Azure Functions Quickstart - Generative AI Data Ingestion Functions

Project Overview

The 'Azure Functions Quickstart - Generative AI Data Ingestion Functions' project is an Azure Durable Functions project aimed at streamlining the process of ingesting, chunking, and vectorizing various data types such as PDFs, MP3s, WAV files, and more. These processes are critical for indexing and utilizing data in Retrieval Augmented Generation (RAG) patterns within Generative AI applications.

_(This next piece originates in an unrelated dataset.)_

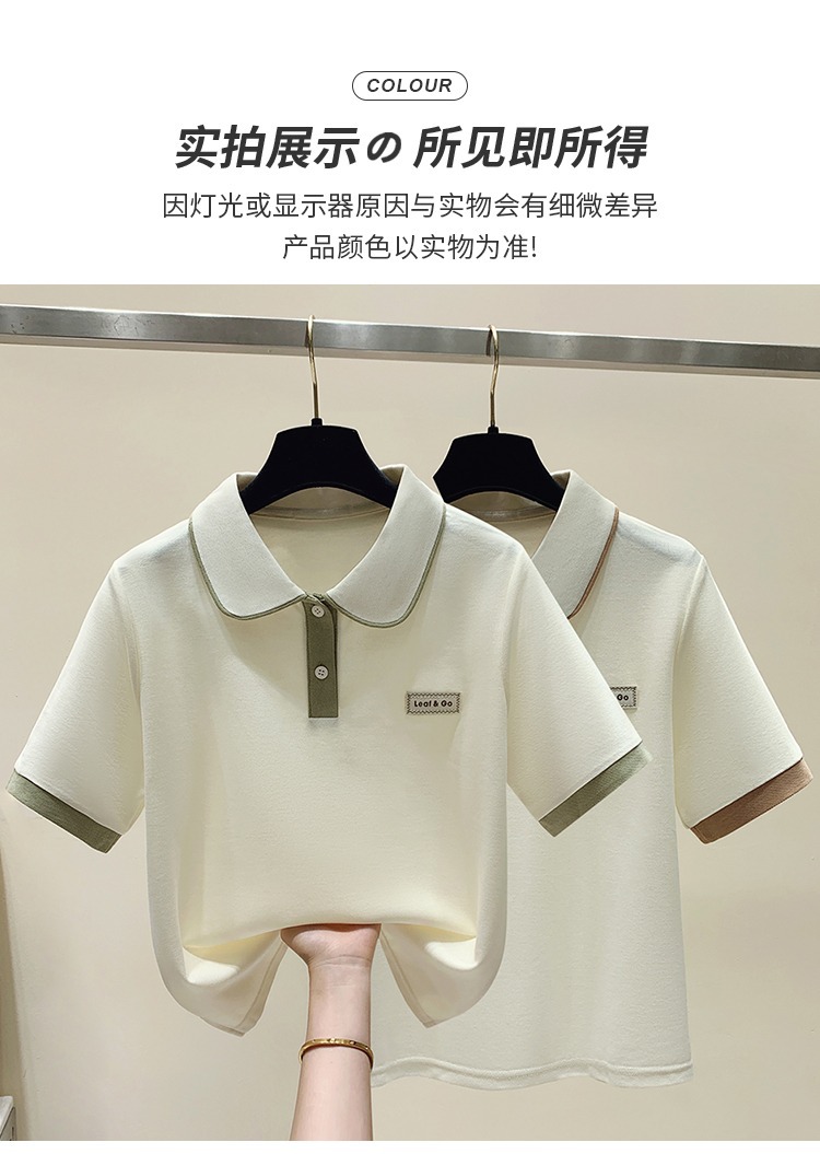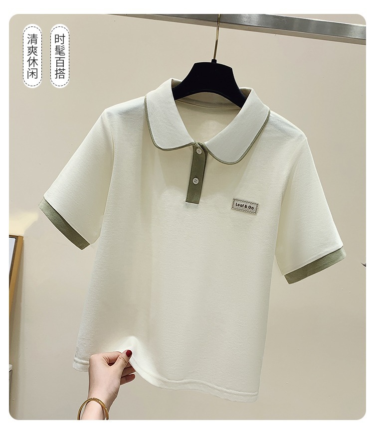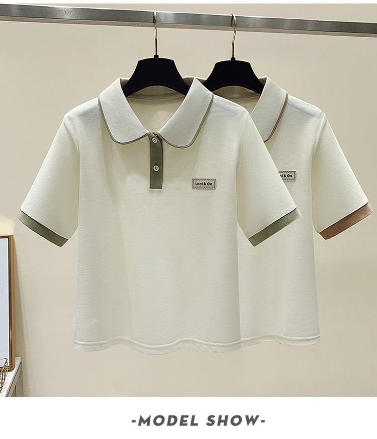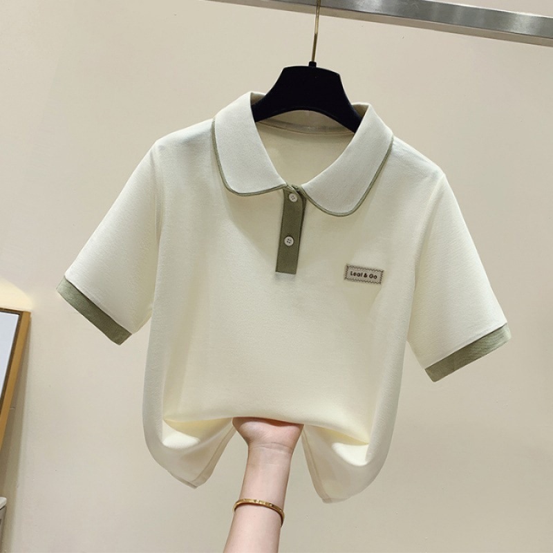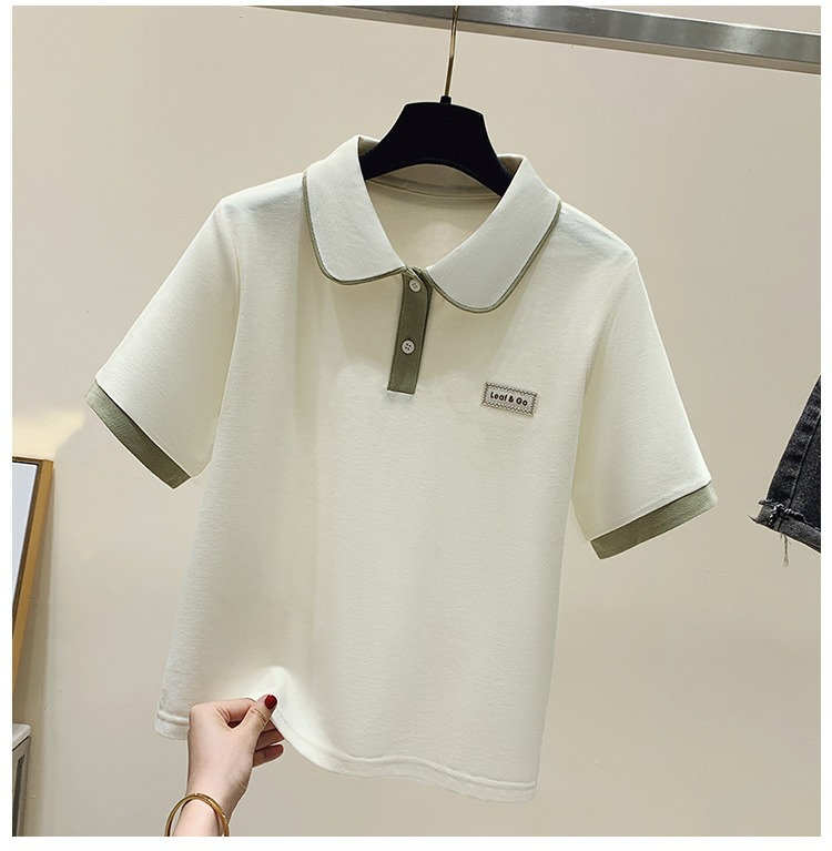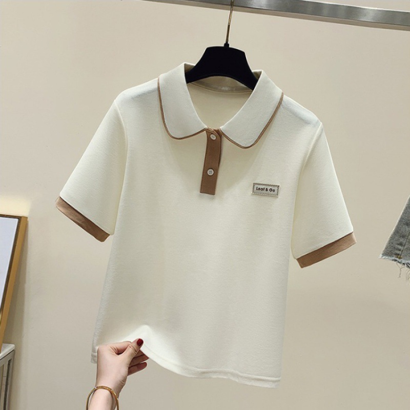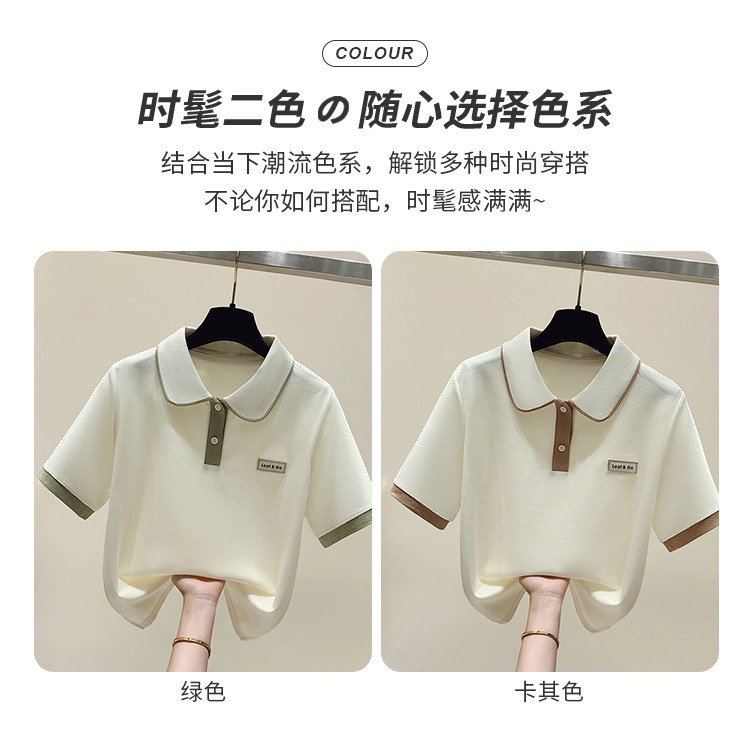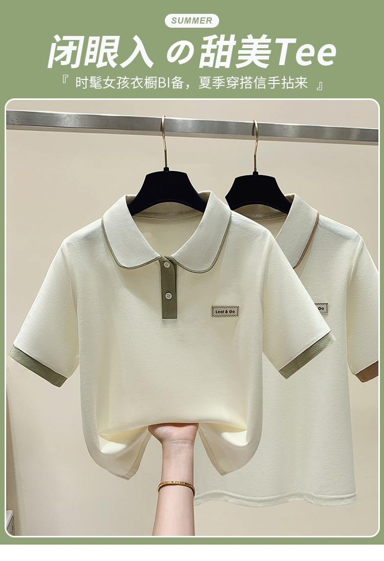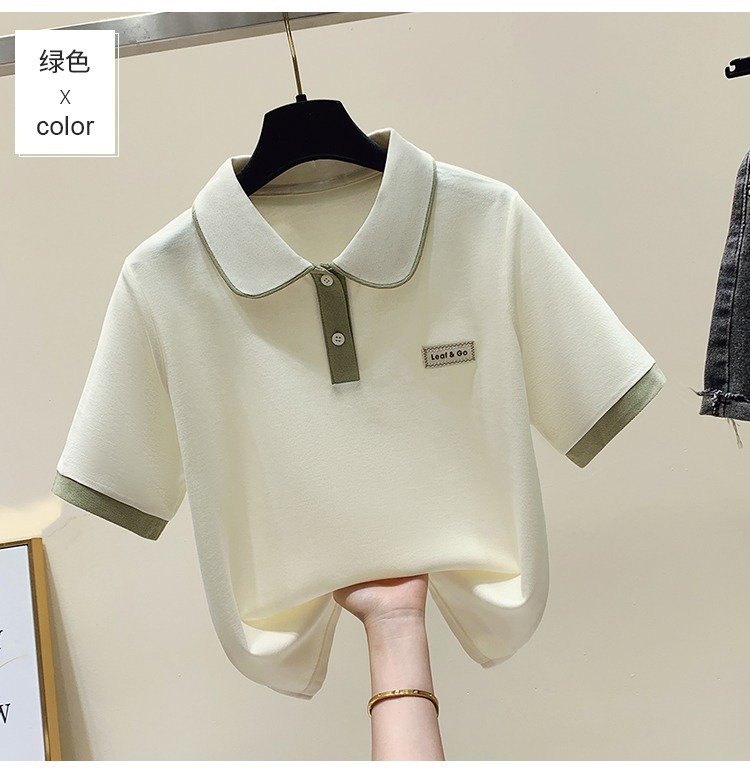 여자 여름 반팔 패션 티셔츠 2024 새로운 한국어 버전 중대형 여학생 대학 스타일 폴로 칼라 탑

By leveraging Azure Durable Functions, the project orchestrates the complex workflows involved in data processing, ensuring efficiency and scalability. It includes capabilities for creating and managing Azure AI Search indexes, updating index aliases for deployment strategies, and indexing large volumes of pre-processed documents in bulk.

Features

  • Ingestion and Chunking: Automated breakdown of documents and audio files into chunks for easier processing.
  • Vectorization: Transformation of textual and auditory information into vector embeddings suitable for AI models.
  • Index Management: Tools for creating and updating Azure AI Search indexes to optimize data retrieval.
  • Workflow Orchestration: Utilization of Durable Functions to coordinate and manage data processing tasks.
  • Postman Collection: Sample postman collection (AzFunc_IngestionOps.postman_collection) demonstrating calling of all functions.

Getting Started

Prerequisites

  • An active Azure subscription.
  • A configured Azure Storage Account.
  • Access to Azure Cognitive Services, including Document Intelligence and Azure OpenAI.
  • An Azure AI Search Service instance.

Installation

  1. Clone the repository to your desired environment.
  2. Install Azure Functions Core Tools if not already available.
  3. In the project directory, install dependencies with pip install -r requirements.txt.

Configuration

Configure the environment variables in your Azure Function App settings as follows:

Variable Name Description
STORAGE_CONN_STR Azure Storage account connection string
DOC_INTEL_ENDPOINT Endpoint for Azure Document Intelligence service
DOC_INTEL_KEY Key for Azure Document Intelligence service
AOAI_KEY Key for Azure OpenAI service
AOAI_ENDPOINT Endpoint for Azure OpenAI service
AOAI_EMBEDDINGS_MODEL Model for generating embeddings with Azure OpenAI
AOAI_WHISPER_KEY Key for Azure OpenAI Whisper model
AOAI_WHISPER_ENDPOINT Endpoint for Azure OpenAI Whisper model
AOAI_WHISPER_MODEL Model for transcribing audio with Azure OpenAI
SEARCH_ENDPOINT Endpoint for Azure AI Search service
SEARCH_KEY Key for Azure AI Search service
SEARCH_SERVICE_NAME Name of the Azure AI Search service instance

Note: review the sample.settings.json to create a local.settings.json environment file for local execution.

Orchestrators

The project contains orchestrators tailored for specific data types:

  • pdf_orchestrator: Orchestrates the processing of PDF files, including splitting, analyzing, and generating embeddings.
  • mp3_orchestrator: Orchestrates the transcription and vectorization of MP3 audio files.
  • wav_orchestrator: Orchestrates the transcription and vectorization of WAV audio files.
  • index_documents_orchestrator: Orchestrates the indexing of processed documents into Azure AI Search.

Activities

The orchestrators utilize the following activities to perform discrete tasks:

  • get_source_files: Retrieves a list of files from a specified Azure Storage container.
  • split_pdf_files: Splits PDF files into individual pages and stores them as separate files.
  • process_pdf_with_document_intelligence: Processes PDF chunks using Azure Document Intelligence and extracts relevant data.
  • transcribe_audio_files: Transcribes audio files using Azure OpenAI's Whisper model and stores the results.
  • generate_extract_embeddings: Generates vector embeddings for the processed text data
  • insert_record: Inserts processed data records into the Azure AI Search index.

Standalone Functions

In addition to orchestrators and activities, the project includes standalone functions for index management:

  • create_new_index: Creates a new Azure AI Search index with the specified fields.
  • update_index_alias: Updates an index alias to point to the latest version of an index, facilitating blue-green deployments and other staged rollout strategies.

Contributing

We welcome contributions to this project. To contribute, please follow the standard fork-branch-pull request workflow.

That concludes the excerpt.